Of course not. But we can sure imagine some! And these we can call
"fact." And when people refuse to go along with our imaginings, we can accuse
them of "error." Great game. Reminds me of the card game they played in the
movie "Bang the Drum Slowly," called Tegwar. The players would find a rube to
play Tegwar, telling him how to play as they go along, getting him excited,
getting him to bet. He wins a few times.
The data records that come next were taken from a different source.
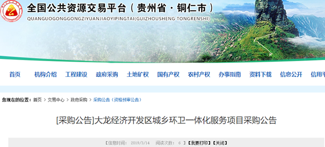 原標(biāo)題:貴州大龍經(jīng)濟(jì)開(kāi)發(fā)區(qū)3.7億城鄉(xiāng)環(huán)衛(wèi)一體化項(xiàng)目招標(biāo)
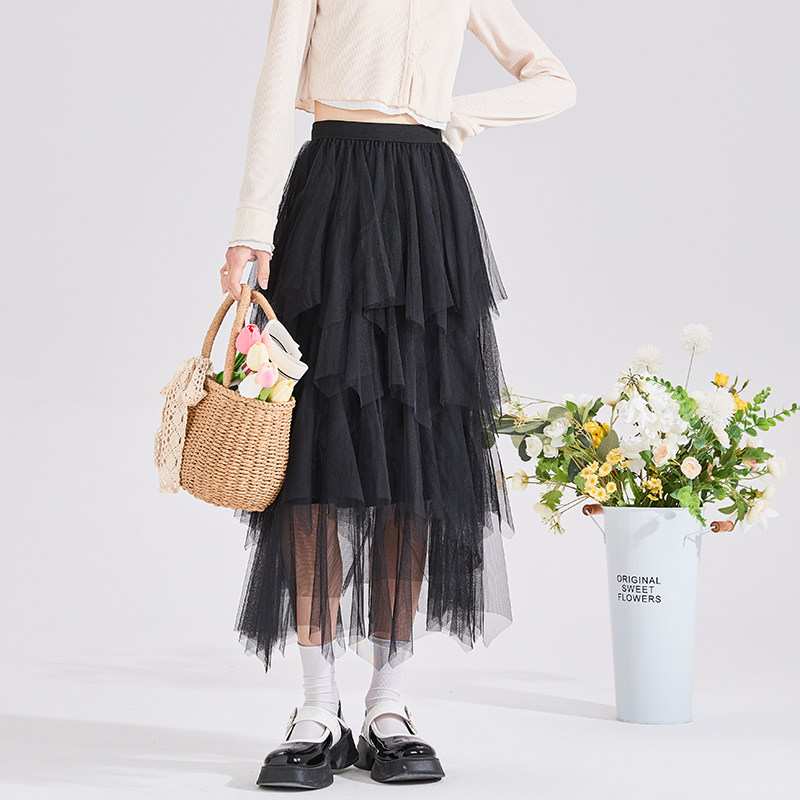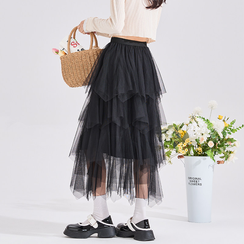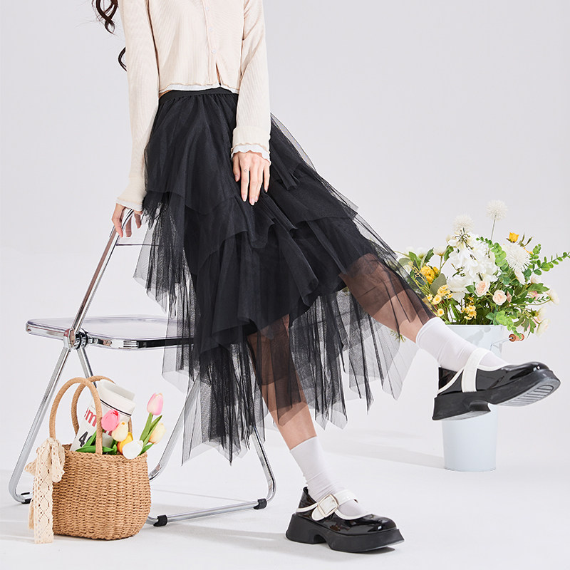 唐狮夏半身裙女中长款质感仙女纱裙不规则裙摆宽松甜美黑色蛋糕裙
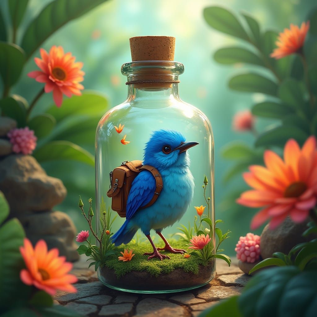 This image shows a blue bird enjoying a vibrant tropical paradise inside a glass bottle. Intricate details and soft, warm lighting capture a whimsical scene with lush greenery and colorful flowers.
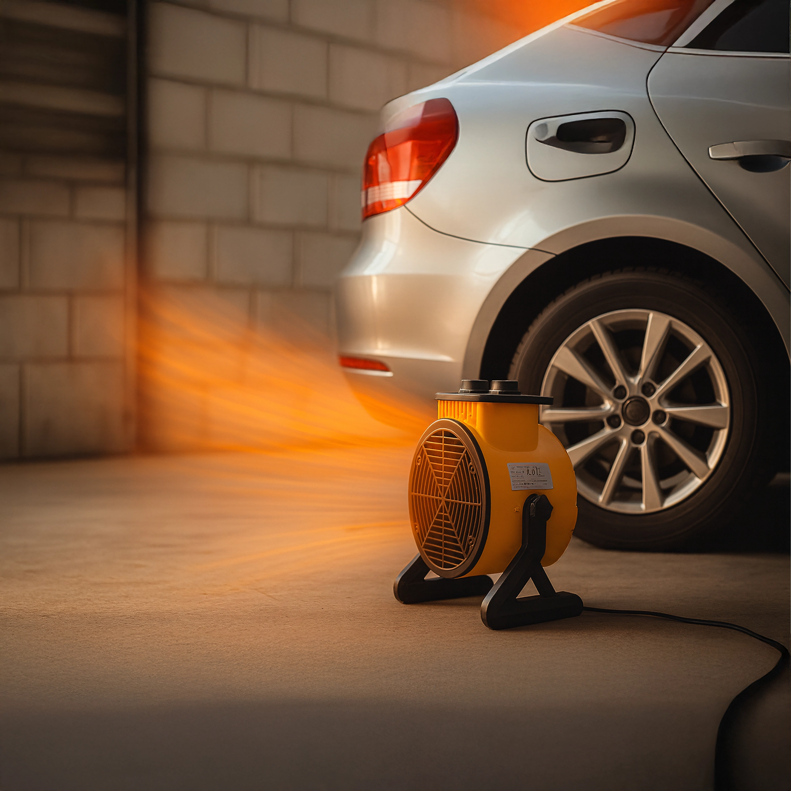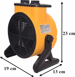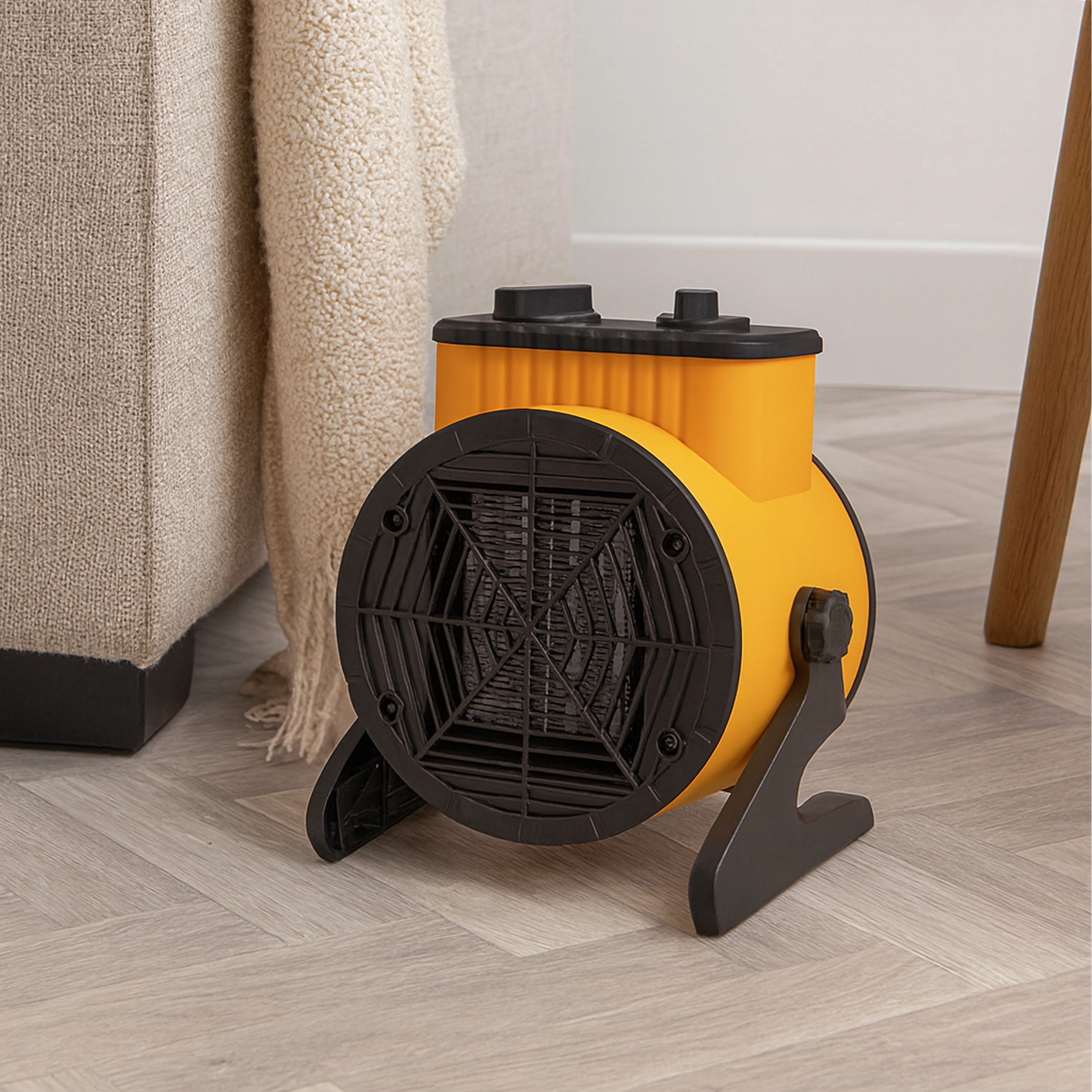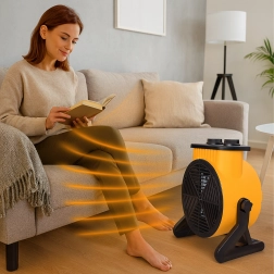 Stabilna, odchylana podstawa oraz zintegrowany uchwyt pozwalają skierować strumień powietrza dokładnie tam, gdzie jest potrzebny – w łazience, warsztacie czy garażu.

But when the stakes finally get
really high, he starts to lose. Why? Because "Tegwar" stands for "The Exciting
Game Without Any Rules." Those who run the game keep changing it around so
they win every time.

Now, getting back to fish-amphibia: where are the transitions?
Nowhere. Glenn mentions a "catfish" (actually, Sci-Am. said they "look" like
catfish) that we know nothing relevant about, accuses me (first) of denying
it exists (I didn't), but then of somehow being in error because I don't think
this example-we-know-nothing-about proves fish-amphibian evolution!

Sorry, this isn't Tegwar.

Brian wrote:

<<Glenn, you ignorant dork brained dufus headed dweeb nosed slob!!!
Quit begging already.>>

This is unfair. You nose is not "dweebed."